Livatino: quando moriremo, nessuno ci verrà a chiedere quanto siamo stati credenti, ma credibili
Le parole insegnano, gli esempi trascinano. Solo i fatti danno credibilità alle parole". (Sant'Agostino)
Vent’anni esatti sono passati da quel tragico 21 settembre, giorno dell’agguato mafioso sulla statale 640 in direzione Agrigento in cui Rosario Livatino perse la vita. Fra qualche giorno, il 25 settembre, ricorrerà l’altro anniversario, il ventiduesimo, dell’uccisione, sempre per mano mafiosa, di un altro giudice di Canicattì e di suo figlio, Antonino Saetta col figlio Stefano. Sempre sulla statale 640 ma, questa volta, in direzione Caltanissetta per recarsi a Palermo, suo luogo di lavoro, come Agrigento lo era per Rosario. Morti dunque per aver voluto assolvere il proprio delicato e importante compito istituzionale con onestà e scrupolo, alieni da ogni compromesso o condizionamento che non fosse la loro integerrima coscienza. Lavoratori schivi, servitori silenziosi e infaticabili della giustizia che alle pubbliche dichiarazioni preferivano, per carattere e per convinzione, il quotidiano impegno al tavolo di lavoro, ostinati e senza risparmio: vivevano e lavoravano con eroismo quindi, dato che eroi bisogna essere in questa Italia per svolgere bene il proprio dovere.

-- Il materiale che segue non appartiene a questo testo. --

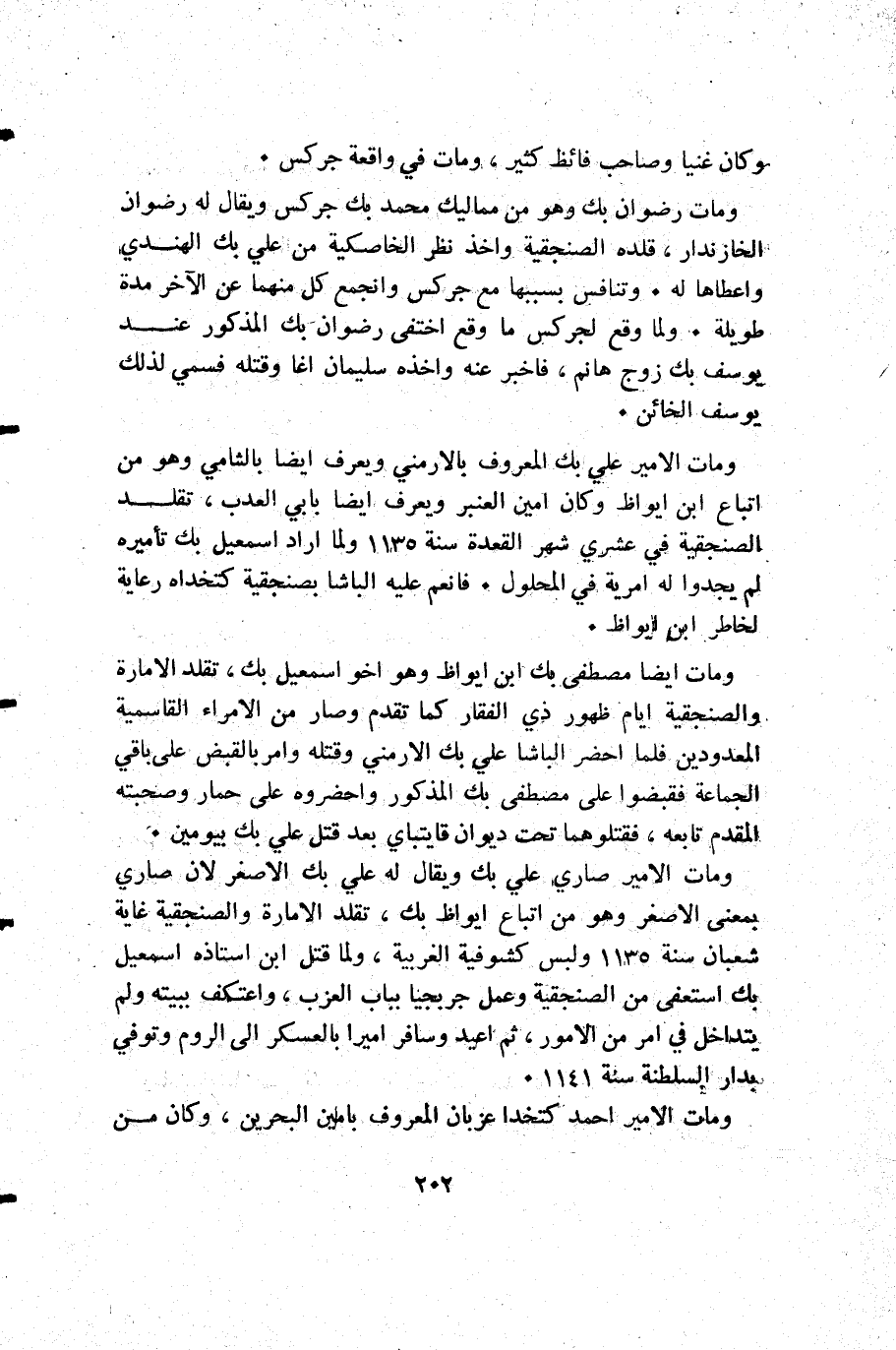 ومات الأمير علي بك المعروف بالارمني ويعرف أيضا بالشامي وهو من اتباع ابن ايواظ وكان امين العنبر ويعرف أيضا بابي العدب تقلد الصنجقية في عشري شهر القعدة سنة 1135 ولما أراد إسمعيل بك تأميره لم يجدوا له امرية في المحلول. فانعم عليه الباشا بصنجقية كتخداه رعاية لخاطر ابن ايواظ. ومات أيضا مصطفى بك ابن ايواظ وهو اخو إسمعيل بك تقلد الإمارة والصنجقية أيام ظهور ذي الفقار كما تقدم وصار من الأمراء القاسمية المعدودين فلما أحضر الباشا علي بك الارمني وقتله وأمر بالقبض على باقي الجماعة فقبضوا على مصطفى بك المذكور واحضروه على حمار وصحبته المقدم تابعه فقتلوهما تحت ديوان قايتباي بعد قتل علي بك بيومين.

Rosario fu ucciso da solo, senza scorta. Fu facile farlo fuori. I sicari lo aspettarono, lo sperorarono, lo inseguirono dopo una breve fuga a piedi nelle campagne, braccato come un animale ferito. Due settimane dopo avrebbe compiuto 38 anni. L’ordine arrivò dalla Stidda, una organizzazione in ascesa che contendeva a Cosa Nostra il controllo delle attività illecite. La Stidda voleva dare una dimostrazione di forza a Cosa Nostra, eliminando quel giudice che, a 36 anni, aveva scoperto l’esistenza della nuova organizzazione e aveva portato alla luce una sorta di tangentopoli siciliana.

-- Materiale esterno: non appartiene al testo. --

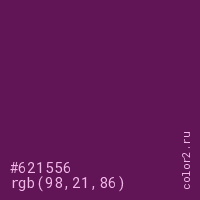Цвет #621556 в цветовой модели RGB обозначается тремя октетами (98, 21, 86) в десятичном формате и #621556 в шестнадцатиричном (hex) формате, которые являются интенсивностью красного 98 (hex 62), интенсивность зелёного 21 (hex 15) и интенсивность синего 86 (hex 56).

Cercava di dare ”un’anima alla legge”, come aveva affermato in una conferenza poco prima dell'uccisione. Giudice ragazzino l'aveva battezzato, invece, Cossiga e non si era certo trattato di un complimento. "Possiamo continuare con questo tabù, che poi significa che ogni ragazzino che ha vinto il concorso ritiene di dover esercitare l'azione penale a diritto e a rovescio, come gli pare e gli piace, senza rispondere a nessuno? … Non è possibile che si creda che un ragazzino, solo perché ha fatto il concorso di diritto romano, sia in grado di condurre indagini complesse contro la mafia e il traffico di droga. Questa è un'autentica sciocchezza! A questo ragazzino io non gli affiderei nemmeno l'amministrazione di una casa terrena, come si dice in Sardegna, una casa a un piano con una sola finestra, che è anche la porta".

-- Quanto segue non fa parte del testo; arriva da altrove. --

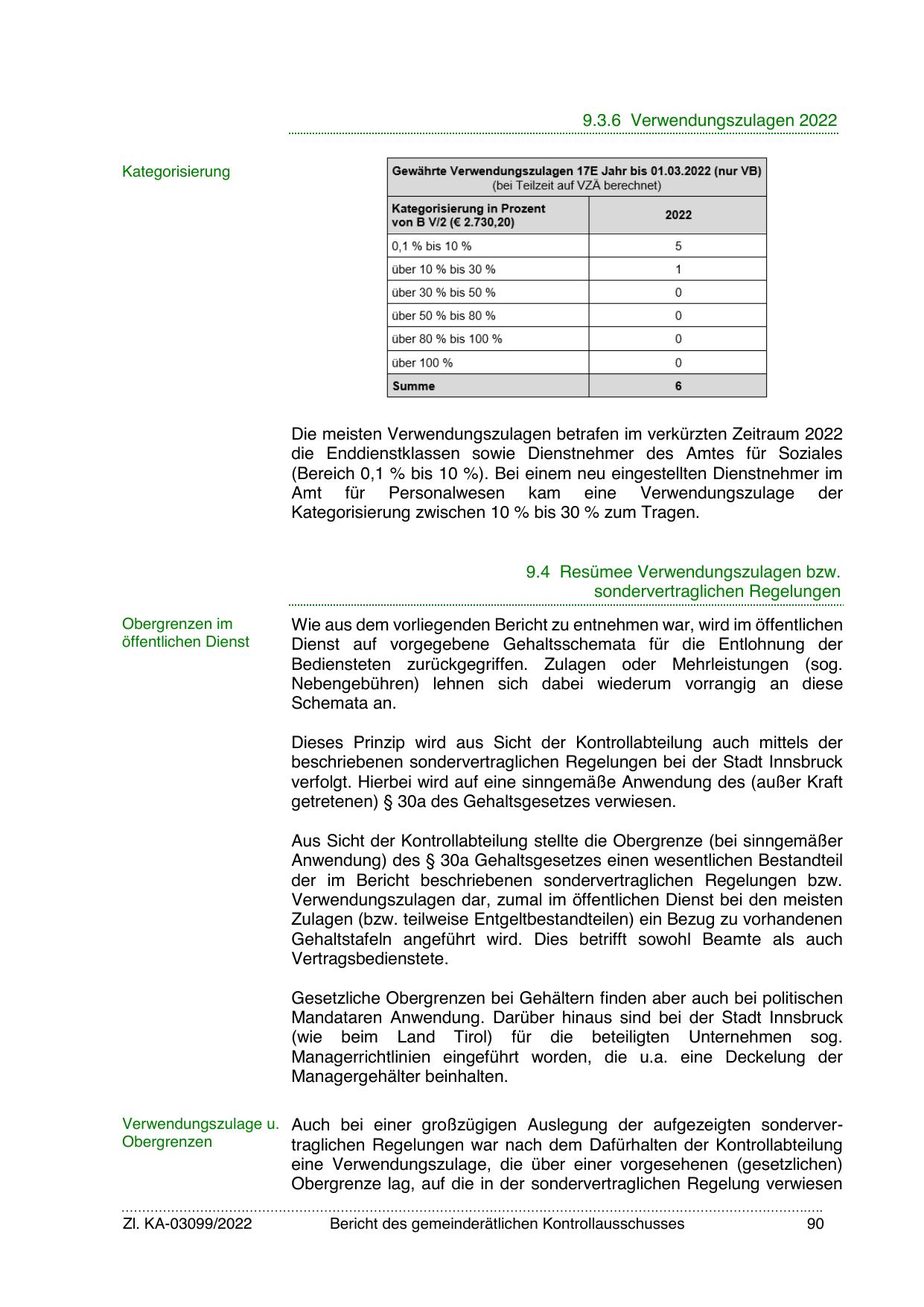 beschriebenen sondervertraglichen Regelungen bei der Stadt Innsbruck

Viviamo nella società del pensiero debole, della morale debole e del conformismo.Il tempo cancella vittime e ricordi. Oggi sarà ricordato Rosario Livatino. Qualche settimana fa, è stato ricordato Francesco Cossiga, ma il nome di Livatino, quel giorno, non lo ha fatto nessuno. E il suo nome andava fatto invece.